Following dismal economic data, China’s 10Y bond yield pushed above 4.00% for the first time since October 2014…
As China’s intentional credit slowdown strikes.,,
Additionally, China’s yield curve has been inverted for a record 22 days and analysts are warning it is likely to get worse – at least until Chinese authorities are forced to step back in.
Bloomberg provides a breakdown of analysts’ comments:
David Qu, market economist at Australia & New Zealand Banking Group Ltd. in Shanghai
“The breaking of 4 percent will have significant negative impact on sentiment.

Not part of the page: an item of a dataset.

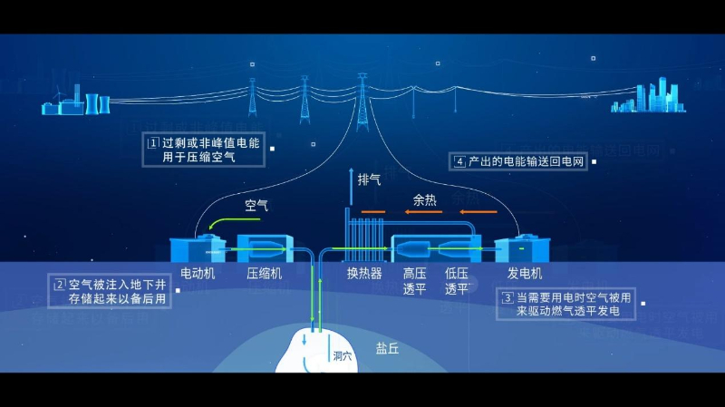 儲能時,利用過?;蚍欠逯惦娔茯?qū)動電動機(jī)旋轉(zhuǎn),將電能轉(zhuǎn)化為機(jī)械能,電動機(jī)帶動壓縮機(jī)(一種將低壓氣體提升為高壓氣體的機(jī)械)將空氣從低壓狀態(tài)壓縮至高壓狀態(tài),并將高壓空氣儲存在儲氣裝置(鹽穴、人工硐室或儲氣罐)中,最終將電能轉(zhuǎn)換成空氣熱能和壓力能。

There’s a chance that we will see an extensive and quick slump in bonds in the near term.”
The selloff will spread to corporate bonds if sentiment worsens.
Worse-than-expected monetary and real economic data didn’t help bonds, which shows the market is losing confidence.
Investors should expect tougher financial regulations and tighter monetary policy next year, so bond yields will keep climbing.
Li Qilin, chief macroeconomic researcher at Lianxun Securities Co.
The breach of 4 percent may trigger a new round of stop-loss trades and drive the 10-year yield up, though it’s hard to predict how high.
The peak depends on whether authorities announce some supportive policies to calm the market and whether banks start buying bonds.
Banks don’t currently have money to allocate to sovereign bonds because they are under pressure to buy local government debt and deposit growth has been slow due to the popularity of investment alternatives such as Yue Bao.
Chris Leung, senior economist at DBS Bank Hong Kong Ltd.
“If deleveraging continues as Xi stated in the party congress, then bond yields will climb further.”
“With financial firms’ liabilities shrinking, and outstanding WMPs (wealth-management products) falling, the allocation or the demand to allocate to government bonds will shrink, weighing on prices.”